Everything at the pop-up will be either vintage or handmade in the UK, and you can expect everything from a build-your-own beaded bag station with Nori Mori to live portrait painting from Paris-based artist Willemien Bardawil.

Find out more about the pop-up and participating brands here.

Plans for the future

With Salad Days, Daisy and Liv are on a mission to make it easier for more people to shop small more frequently.

Of the 146 crafts featured on the Heritage Crafts’s 2023 Red List, 62 were classified as critically endangered and 84 as endangered.

Liv explained: “We really appreciate and want to celebrate traditional crafts and make sure that they don’t die.
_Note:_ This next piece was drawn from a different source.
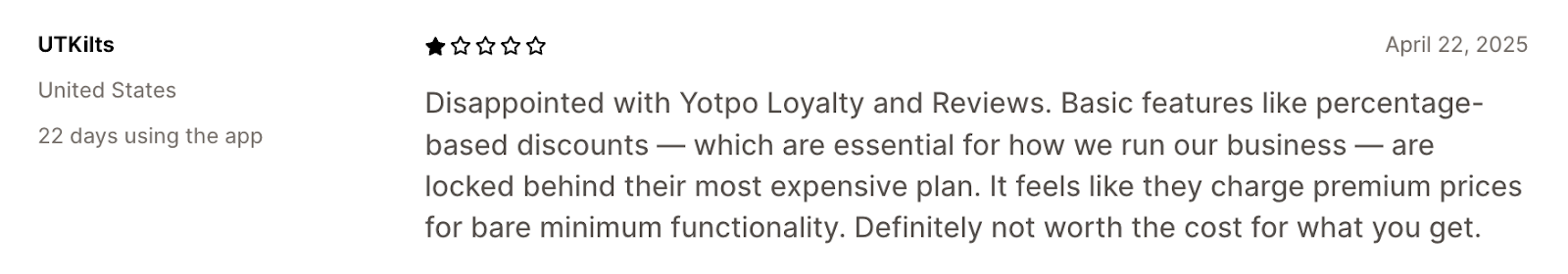 Merchants often complain about essential features like percentage-based discounts and VIP tiers locked behind the most expensive plans, while paying hundreds of dollars monthly for "bare minimum functionality."

“So we want to continue to create a space where craftsmanship can be right at the forefront and we can celebrate original, exciting, handmade things.”

All-time favourite finds?

Daisy and Liv spoke fondly about the tip shop near their family home.

Treasures include a gold vintage bar cart for £2 and a Marcel Breuer chair for £3, followed by six free additional Marcel Breuer chairs when a woman throwing them out saw their interest.

Daisy also once picked up a framed original David Hockney poster for just £20 in a hospice charity shop.

From cutting and sticking homemade magazines to celebrating their fourth Selfridges popup, the Tinker twins have come a long way.

One thing is for certain — they have many more salad days ahead.